The move comes after 10 days of extreme volatility in energy prices since the US and Israel began a war with Iran on 28 February. The consequent de facto closure of the strait of Hormuz has shut around 25pc of global seaborne oil trade in the Mideast Gulf, and production, storage and refining assets have become military targets.
The IEA said on Tuesday that this situation had created "significant and growing risks" for the oil market.
Stocks will be released from IEA member countries' mandated inventories, which must be equivalent to at least 90 days of the prior year's net imports. Stocks can be held as either crude, refined products or a combination of the two. The latest IEA data show that North American strategic stocks are overwhelmingly crude, while European and Asian members hold a mix of crude and refined products.
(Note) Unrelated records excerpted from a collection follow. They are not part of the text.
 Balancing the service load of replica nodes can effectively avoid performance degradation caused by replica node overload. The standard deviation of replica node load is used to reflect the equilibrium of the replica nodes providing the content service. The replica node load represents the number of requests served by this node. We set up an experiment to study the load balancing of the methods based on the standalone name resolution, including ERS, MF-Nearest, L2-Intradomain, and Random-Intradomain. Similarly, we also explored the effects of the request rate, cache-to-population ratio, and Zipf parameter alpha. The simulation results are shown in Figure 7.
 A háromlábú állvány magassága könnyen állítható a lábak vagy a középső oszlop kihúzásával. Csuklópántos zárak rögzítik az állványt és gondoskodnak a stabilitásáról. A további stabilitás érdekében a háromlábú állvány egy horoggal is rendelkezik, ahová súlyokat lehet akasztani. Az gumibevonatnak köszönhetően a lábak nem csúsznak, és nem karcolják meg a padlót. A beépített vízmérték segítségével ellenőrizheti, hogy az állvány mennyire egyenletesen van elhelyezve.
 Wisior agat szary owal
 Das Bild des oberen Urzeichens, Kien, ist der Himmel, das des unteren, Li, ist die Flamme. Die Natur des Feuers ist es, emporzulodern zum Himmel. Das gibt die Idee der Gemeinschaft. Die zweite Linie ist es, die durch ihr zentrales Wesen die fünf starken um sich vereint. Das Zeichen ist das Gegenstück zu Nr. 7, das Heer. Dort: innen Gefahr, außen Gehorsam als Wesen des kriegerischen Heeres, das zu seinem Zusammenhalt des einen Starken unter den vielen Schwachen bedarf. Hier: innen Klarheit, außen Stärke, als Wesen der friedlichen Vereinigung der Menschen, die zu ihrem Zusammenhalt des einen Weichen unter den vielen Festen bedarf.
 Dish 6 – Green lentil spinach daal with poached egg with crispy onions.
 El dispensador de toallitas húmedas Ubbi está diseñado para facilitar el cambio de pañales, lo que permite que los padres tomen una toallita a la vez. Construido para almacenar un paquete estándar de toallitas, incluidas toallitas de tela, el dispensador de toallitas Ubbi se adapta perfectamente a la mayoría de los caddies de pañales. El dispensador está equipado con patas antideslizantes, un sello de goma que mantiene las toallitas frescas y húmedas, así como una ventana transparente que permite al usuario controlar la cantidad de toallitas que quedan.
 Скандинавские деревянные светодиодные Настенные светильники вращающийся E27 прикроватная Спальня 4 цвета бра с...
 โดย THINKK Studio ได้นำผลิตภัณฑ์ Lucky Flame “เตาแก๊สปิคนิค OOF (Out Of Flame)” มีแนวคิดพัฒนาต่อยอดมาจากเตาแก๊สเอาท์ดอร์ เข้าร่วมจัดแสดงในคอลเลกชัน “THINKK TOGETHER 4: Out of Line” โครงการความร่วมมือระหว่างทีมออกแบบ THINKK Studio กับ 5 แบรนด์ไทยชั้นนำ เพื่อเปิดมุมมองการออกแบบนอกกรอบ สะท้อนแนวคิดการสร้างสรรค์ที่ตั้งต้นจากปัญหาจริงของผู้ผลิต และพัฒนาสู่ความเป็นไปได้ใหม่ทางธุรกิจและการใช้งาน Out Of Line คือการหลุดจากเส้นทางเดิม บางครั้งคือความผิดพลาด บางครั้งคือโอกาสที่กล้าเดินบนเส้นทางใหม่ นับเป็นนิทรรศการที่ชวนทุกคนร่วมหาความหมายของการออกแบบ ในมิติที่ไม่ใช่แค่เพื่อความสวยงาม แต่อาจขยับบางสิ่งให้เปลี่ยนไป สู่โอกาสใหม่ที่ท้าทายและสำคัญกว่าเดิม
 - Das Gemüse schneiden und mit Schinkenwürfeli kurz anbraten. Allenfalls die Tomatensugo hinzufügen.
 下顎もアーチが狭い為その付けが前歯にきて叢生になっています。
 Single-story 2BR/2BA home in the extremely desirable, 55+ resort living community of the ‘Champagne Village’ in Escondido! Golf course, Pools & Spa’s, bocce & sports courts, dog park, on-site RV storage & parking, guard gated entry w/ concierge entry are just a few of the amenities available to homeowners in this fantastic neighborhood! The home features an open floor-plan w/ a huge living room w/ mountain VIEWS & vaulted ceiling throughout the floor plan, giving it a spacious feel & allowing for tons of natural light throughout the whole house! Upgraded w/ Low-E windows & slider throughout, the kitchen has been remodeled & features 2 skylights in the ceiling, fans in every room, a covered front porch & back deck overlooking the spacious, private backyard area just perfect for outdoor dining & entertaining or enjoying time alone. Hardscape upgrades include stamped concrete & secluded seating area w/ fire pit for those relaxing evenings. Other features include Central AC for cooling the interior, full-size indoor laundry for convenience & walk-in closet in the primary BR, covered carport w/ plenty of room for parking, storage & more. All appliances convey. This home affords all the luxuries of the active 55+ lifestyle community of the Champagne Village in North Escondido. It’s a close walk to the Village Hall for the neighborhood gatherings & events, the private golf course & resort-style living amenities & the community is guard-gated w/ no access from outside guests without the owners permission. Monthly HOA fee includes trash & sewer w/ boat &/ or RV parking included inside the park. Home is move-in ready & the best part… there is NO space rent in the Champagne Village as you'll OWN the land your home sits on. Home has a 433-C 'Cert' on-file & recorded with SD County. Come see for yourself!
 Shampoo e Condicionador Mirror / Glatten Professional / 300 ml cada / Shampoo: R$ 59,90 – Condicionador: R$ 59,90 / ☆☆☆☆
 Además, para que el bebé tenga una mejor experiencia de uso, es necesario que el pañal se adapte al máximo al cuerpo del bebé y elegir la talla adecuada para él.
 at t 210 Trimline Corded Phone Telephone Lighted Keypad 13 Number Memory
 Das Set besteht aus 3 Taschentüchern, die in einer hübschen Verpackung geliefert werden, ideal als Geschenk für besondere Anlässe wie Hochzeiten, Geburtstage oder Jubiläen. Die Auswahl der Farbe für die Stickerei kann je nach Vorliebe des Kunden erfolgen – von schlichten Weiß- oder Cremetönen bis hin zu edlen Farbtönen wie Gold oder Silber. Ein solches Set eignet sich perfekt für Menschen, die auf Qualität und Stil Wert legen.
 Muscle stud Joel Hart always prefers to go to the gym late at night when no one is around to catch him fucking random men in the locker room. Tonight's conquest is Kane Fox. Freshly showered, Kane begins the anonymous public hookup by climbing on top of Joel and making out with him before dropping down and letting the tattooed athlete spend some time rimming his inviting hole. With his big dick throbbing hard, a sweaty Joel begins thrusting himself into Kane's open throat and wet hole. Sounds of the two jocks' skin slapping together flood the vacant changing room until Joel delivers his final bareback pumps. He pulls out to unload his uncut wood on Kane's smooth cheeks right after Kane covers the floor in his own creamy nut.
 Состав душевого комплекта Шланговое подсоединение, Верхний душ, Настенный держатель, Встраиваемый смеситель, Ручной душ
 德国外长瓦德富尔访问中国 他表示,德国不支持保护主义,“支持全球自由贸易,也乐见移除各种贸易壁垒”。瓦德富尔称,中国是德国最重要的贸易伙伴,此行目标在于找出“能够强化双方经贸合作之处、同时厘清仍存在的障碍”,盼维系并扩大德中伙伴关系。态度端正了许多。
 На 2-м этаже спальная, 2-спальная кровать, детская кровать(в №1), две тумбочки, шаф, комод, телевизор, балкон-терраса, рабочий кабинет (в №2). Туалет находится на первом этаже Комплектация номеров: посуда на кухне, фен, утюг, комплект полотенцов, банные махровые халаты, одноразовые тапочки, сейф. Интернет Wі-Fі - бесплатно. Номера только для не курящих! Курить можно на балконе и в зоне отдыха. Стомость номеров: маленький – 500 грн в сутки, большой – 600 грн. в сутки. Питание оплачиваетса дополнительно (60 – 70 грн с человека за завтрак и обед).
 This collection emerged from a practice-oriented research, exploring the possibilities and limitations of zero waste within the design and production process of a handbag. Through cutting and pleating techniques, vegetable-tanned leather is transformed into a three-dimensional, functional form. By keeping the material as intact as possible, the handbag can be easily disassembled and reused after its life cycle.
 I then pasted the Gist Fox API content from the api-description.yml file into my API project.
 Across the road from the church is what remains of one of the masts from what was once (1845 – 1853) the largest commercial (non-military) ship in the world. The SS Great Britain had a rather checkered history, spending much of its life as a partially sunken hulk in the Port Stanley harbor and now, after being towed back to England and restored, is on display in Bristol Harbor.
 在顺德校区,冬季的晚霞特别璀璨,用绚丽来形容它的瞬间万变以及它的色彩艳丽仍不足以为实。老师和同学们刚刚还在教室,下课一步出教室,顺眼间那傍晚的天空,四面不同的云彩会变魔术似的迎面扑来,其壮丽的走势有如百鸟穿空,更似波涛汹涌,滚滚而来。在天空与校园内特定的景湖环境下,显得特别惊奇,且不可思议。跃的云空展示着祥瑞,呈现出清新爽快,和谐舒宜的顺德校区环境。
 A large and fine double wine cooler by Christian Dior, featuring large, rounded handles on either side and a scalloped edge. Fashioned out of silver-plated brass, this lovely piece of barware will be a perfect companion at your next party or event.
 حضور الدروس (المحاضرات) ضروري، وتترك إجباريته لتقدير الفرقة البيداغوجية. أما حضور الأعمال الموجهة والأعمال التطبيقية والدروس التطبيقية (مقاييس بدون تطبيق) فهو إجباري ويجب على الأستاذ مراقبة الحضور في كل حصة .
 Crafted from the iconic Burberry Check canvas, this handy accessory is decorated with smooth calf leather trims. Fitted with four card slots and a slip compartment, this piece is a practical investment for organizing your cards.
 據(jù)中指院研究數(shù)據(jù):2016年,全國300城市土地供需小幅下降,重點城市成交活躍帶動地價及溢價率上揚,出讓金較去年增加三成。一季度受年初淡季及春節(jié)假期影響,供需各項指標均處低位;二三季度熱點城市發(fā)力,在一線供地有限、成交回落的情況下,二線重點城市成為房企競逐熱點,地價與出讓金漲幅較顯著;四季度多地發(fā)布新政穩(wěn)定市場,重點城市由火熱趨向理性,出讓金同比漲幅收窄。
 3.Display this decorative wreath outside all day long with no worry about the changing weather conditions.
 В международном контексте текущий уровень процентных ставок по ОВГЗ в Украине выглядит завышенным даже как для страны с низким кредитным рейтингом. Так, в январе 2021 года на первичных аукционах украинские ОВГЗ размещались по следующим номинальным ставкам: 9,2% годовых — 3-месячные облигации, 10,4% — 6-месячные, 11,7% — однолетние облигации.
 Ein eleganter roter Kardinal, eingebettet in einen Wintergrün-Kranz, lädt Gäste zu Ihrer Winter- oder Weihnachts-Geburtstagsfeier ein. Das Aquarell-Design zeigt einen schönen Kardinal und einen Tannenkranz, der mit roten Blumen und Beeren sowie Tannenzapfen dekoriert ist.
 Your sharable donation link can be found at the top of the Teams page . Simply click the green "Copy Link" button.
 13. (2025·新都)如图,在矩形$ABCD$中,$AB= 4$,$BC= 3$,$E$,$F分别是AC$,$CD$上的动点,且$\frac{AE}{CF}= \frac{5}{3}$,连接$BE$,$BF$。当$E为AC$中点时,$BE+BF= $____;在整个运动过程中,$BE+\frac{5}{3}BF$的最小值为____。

As of the end of 2025, IEA members had 1.25bn bl of oil in public stocks, accounting for around 30pc of total OECD oil inventories.
There is no obligation on the market to take up released stocks, and past IEA releases have sometimes seen less oil taken up than was offered.
This is only the sixth time the IEA has issued an emergency stocks release order since its formation in 1974.
Leaders of the G7 are scheduled to meet later today to discuss the situation in the Mideast Gulf.